# Visited the Shelter



## cdj1975 (Feb 28, 2012)

During my lunch break today i went to the local shelter which is just up the road from where I work. I walk into one of the cat rooms and was swarmed by about 7 cats, but one little black and white cat jumped onto my shoulders then dropped into my arms making himself right at home. I wasn't there to adopt today but that little guy was so close to coming home with me. I may have to visit him again tomorrow.


----------



## Greenport ferals (Oct 30, 2010)

You know, if you don't....
you'll always think about him. 
I think it's meant to be.


----------



## Jetlaya67 (Sep 26, 2012)

You have been chosen. That is the best feeling, ever.


----------



## DebS (Jun 14, 2015)

Go get him! He picked you and that is priceless.


----------



## maggie23 (Mar 10, 2012)

Ditto!!!


----------



## Mandy and Ellie (Oct 22, 2013)

You don't pick a cat, the cat picks you... and this cat certainly picked you! It was a match that was meant to be.  I say go back!


----------



## 10cats2dogs (Jun 16, 2013)

Lucky you! YOU have been chosen! Get him outta there ASAP!!
Sharon


----------



## ndiniz (Jun 29, 2009)

GET HIM OUTTA THERE!!!!! He wants you!!!!!!


----------



## Marcia (Dec 26, 2010)

I volunteer at a large municipal shelter and I tell people all the time that if he lays on your heart at night you need to come back and adopt! Take the plunge!, you won't regret it.


----------



## cdj1975 (Feb 28, 2012)

I didn't make it back until a couple of days later and that cat had already found a home. I hope he's getting spoiled.


----------



## Arianwen (Jun 3, 2012)

Glad the kitty found a home but sorry you missed out on such a darling.


----------



## Marcia (Dec 26, 2010)

Don't stop visiting if you are seriously considering adopting but be prepared to take the plunge right away! Sweet, affectionate, very social cats like this don't come alone all the time and when they do they are snatched up quickly!


----------



## DebS (Jun 14, 2015)

Any new prospects?


----------



## cdj1975 (Feb 28, 2012)

I've gone back and talked to a local rescue, there have been a couple of cats that I've considered. Part of me wonders if it would be fair to a new cat though. Alex that recently passed away was a very special cat. Snickers who is still with me is very unique, she trills and is goofy, while very cuddly. A new cat has a tough act to follow, then maybe its just because I'm biased towards my little friends.


----------



## Mochas Mommy (Dec 9, 2013)

I had a really really hard time taking the next step to let another kitty into my life after Mocha passed away. I felt disloyal to her and I didn't think any cat could ever live up to Mocha. As you can see, I have four cats now....and some kittens. My husband, who was not a cat person, was the one to bring the first kitten home 18 months after Mocha passed...and I said she would never take Mocha's place...I wouldn't even let her use Mocha's things or come in Mocha's room...she was not going to be Mocha. And, I was right, none of them are even remotely like Mocha. None of them replaced her in our home or in my heart. But each of them are loved for who they are and what they bring to our home. I know Mocha is looking down with a smirk in her face, especially when one does something she knows is going to get a "Mocha never did that..." lecture. 

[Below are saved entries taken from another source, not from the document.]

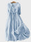 Тази нежна синя рокля излъчва спокойствие и елегантност, идеална за всякакви поводи. Нейният прост силует осигурява комфорт и вечен стил, докато коланът в талията придава женствена фигура с естествено падане на тъканта.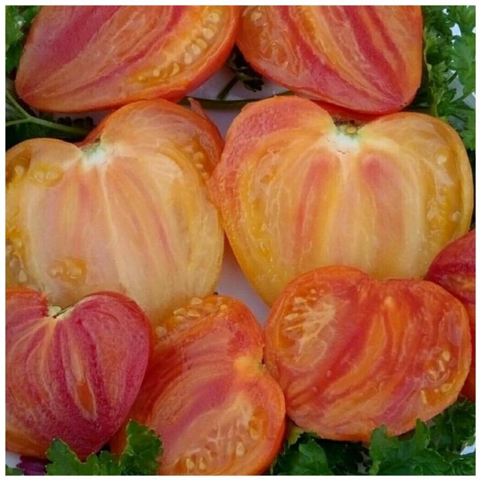 Плоды отличаются сердцевидной формой с выраженным носиком на вершине и очень крупными размерами — отдельные экземпляры могут достигать 500–700 г. Мякоть плотная, но рыхловатая, с желеобразной текстурой, практически без свободной жидкости. Это делает её идеальной для приготовления густых соусов, кетчупов и томатной пасты, хотя плоды также употребляют свежими благодаря сладкому вкусу с фруктовыми нотками и полным отсутствием кислинки. Окраска варьируется от классического красного до солнечно-жёлтого и ярко-оранжевого, добавляя блюдам эстетической привлекательности.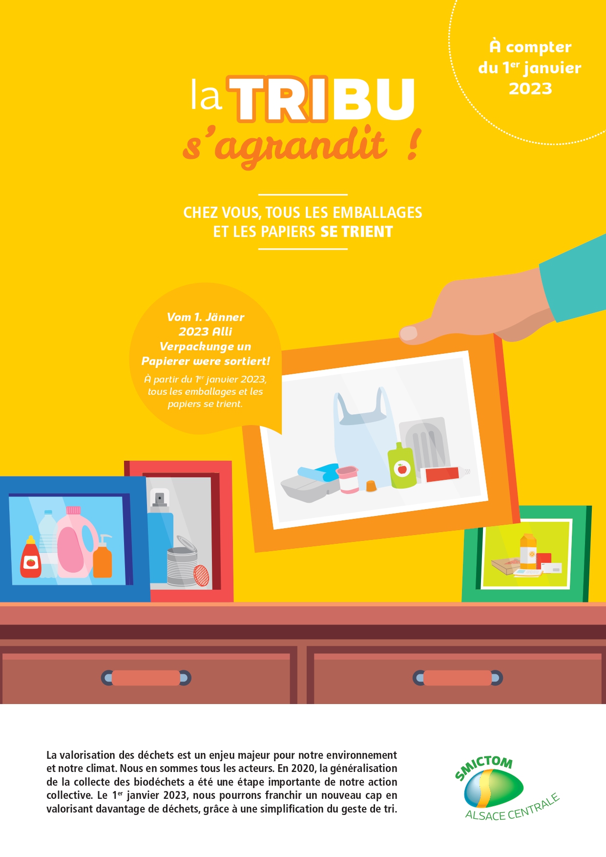 A compter du 1er janvier 2023, vous pourrez déposer tous vos emballages et papiers imprimés dans le bac jaune.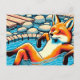 Carte Postale Cool Red Fox in a Hotspring Pool

Yes, it is hard to take that first step and let another cat in. I looked at many cats before my husband brought Luna home. But, if you let them, they will bring new love and life into your home.


----------



## cdj1975 (Feb 28, 2012)

Took my girls back and saw 3 or 4 cats I'd have loved to take home. one was kind of shy but sat in one girls lap for a while, another was pretty and playful, one a sleek black fellow, and a mostly white cat that my other daughter loved who laid in her lap for a while. He had, had all four of his paws declawed and was found as a stray. Poor fellow. How does anyone decide which one to bring home. I only have room and budged for one more cat.


----------



## eldercat (Jul 3, 2015)

That's a problem. Black cats are slow to adopt (I've heard) and all 4 paws declawed is... well, it seems major overkill to me. Good luck on your decision. And when you get your new furbaby, please post pics!


----------



## Marcia (Dec 26, 2010)

Ohhh!, that declawed black cat is the one that you wrote about in another post! I LOVE black cats and yes, they can be hard to get adopted out. Depends. It seems at our shelter it's either feast or famine for black cats and one that is declawed would probably get adopted quickly in my neck of the woods but I can't speak for your area.


----------



## cdj1975 (Feb 28, 2012)

Marcia, no that black cat has already found a home. too bad i didn't jump on him but happy for him and hoping he is good and spoiled now. My favorite cat markings are grey point siamese, grey or silver tabby, and black cats. Which is funny because my current cat Snickers is a calico which before finding her was one of my least favorite markings for a cat. She is pretty dang cute though. I've never gone by color when it goes to cats though.


----------



## cdj1975 (Feb 28, 2012)

We finally found the one. We adopted a rescue kitty. We went to the pet store to pick up some more food for Snickers and the rescue group was having an adoption day. She was a little kitten named Dolli who was missing part of an ear and the end of her tail because of frostbite this last winter. You could tell she was a little nervous being in the big store with lots of people but she did purr when held. I followed the advice of one of the members here and if the kitty still tugs at your heart the next day adopt him or her. So now there is a little grey and white tabby as well as our calico in my house.


----------